Tomochain’s so-called staking wars have intensified as potential masternode operators go head-to-head for dominance on the new network. Marketing campaigns and staker recruitments have become more brazen as more operators realize the potentially lucrative benefits of being voted a masternode.
TomoChain, the public EVM (Ethereum Virtual Machine) compatible blockchain, is starting to gain traction with users and developers across the world. Driving this adoption is the platform’s underlying incentive system that promises higher returns for those willing to stake their crypto assets.
The project’s unique proposition is the lower transaction fees, faster confirmation times, and easy compatibility with Ethereum’s so-called “world computer.” This unique advantage is made possible by an innovative consensus mechanism known as a Proof of Stake Voting (PoSV).
Unlike traditional proof-of-stake (PoS), PoSV realigns incentives for users to create more value for those who stake their assets to validate blocks. This bolsters the security of the platform and makes near-zero transaction fees and 2-second confirmations possible.
The PoSV architecture relies on a group of 150 maternodes. Masternodes can create, verify and validate new blocks on the platform. In return, the operators of these nodes are rewarded handsomely.
Their rewards and status as a masternode is determined by an on-chain voting system where ordinary voters can support their favorite masternode operators. Anyone with TOMO coins can stake their assets to vote for a masternode and get a proportion of the rewards in return. These stakers can also pull their vote if a masternode underperforms and doesn’t offer the return-on-investment (ROI) they were hoping for.
Ordinary stakers need to deposit a minimum of 100 TOMO ($5.32) to start voting. Meanwhile, masternodes need to deposit a bond of 50,000 TOMO ($26,607.01) and garner a minimum of 157,132 TOMO ($83,616.22) worth of votes to be considered. When a block is verified by a masternode, they get to keep the majority of the reward depending on the total number of votes, with the stakers splitting the rest proportionally.
By the hierarchical nature of the Tomochain platform, being a masternode is always more lucrative and powerful than being an ordinary staker. According to data from StakingRewards.com, the average TOMO staker can expect an annual yield of 9.2% at current prices. It’s fair to say masternode operators expect a higher yield.

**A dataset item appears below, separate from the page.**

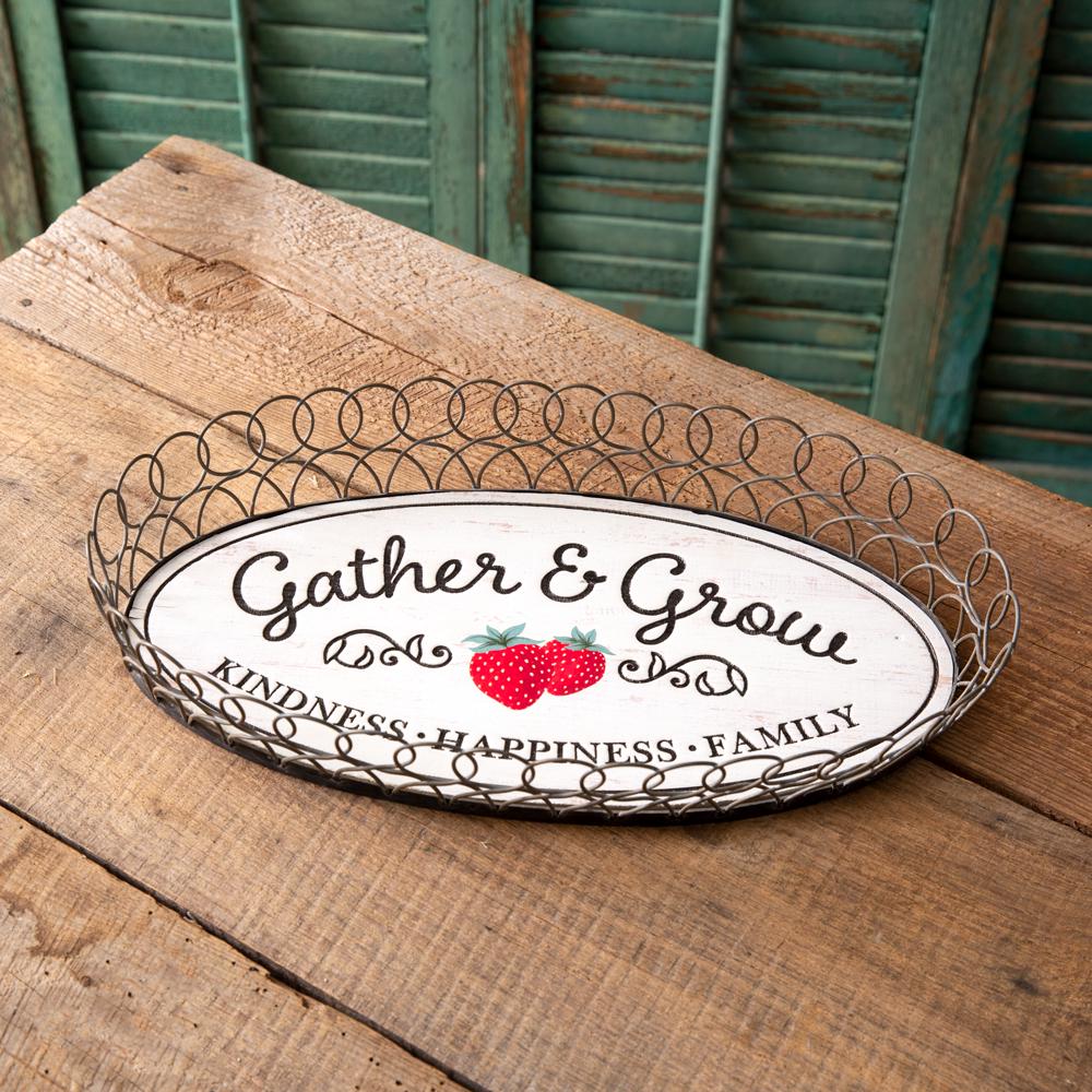 Add a little cheer to your space with this fun Gather & Grow Strawberry Tray. The bottom of this tray is made of wood with wire surrounding.

This means there is intense competition for those limited 150 masternode positions on the network. Getting the most votes is critical and some operators have been aggressively seeking out stakers to back them. Marketing and direct recruitment strategies on platforms like Telegram have become so contentious that some users have started calling it a “staking war.”
Nevertheless, confrontations and competition are a natural consequence of the tight incentives structure built into the Tomochain platform. Their modifications to the traditional PoS consensus mechanism that avoids the compromises of low transaction speeds and high costs. The novel mechanism also allows for on-chain governance that’s more transparent and a double validation system that’s more secure.
Above all else, the Tomochain mechanism allows stakers and masternode operators a chance to garner higher economic rewards. This dramatically boosts the chances that early adopters of the platform could beat the wider crypto bear market and experience better investment performance over the long run.
Since the mainnet was launched in December, 2018, the price of each TOMO coin has already tripled. If the consensus mechanism holds up as planned, it could have much further to go.
The ongoing staker wars is a natural consequence of Tomochain’s innovative approach to incentives. Rather than a hurdle, this competitiveness displays the effectiveness of the new PoSV framework. If the momentum of user and staker motivation endures, TOMO hodlers could be in for a windfall.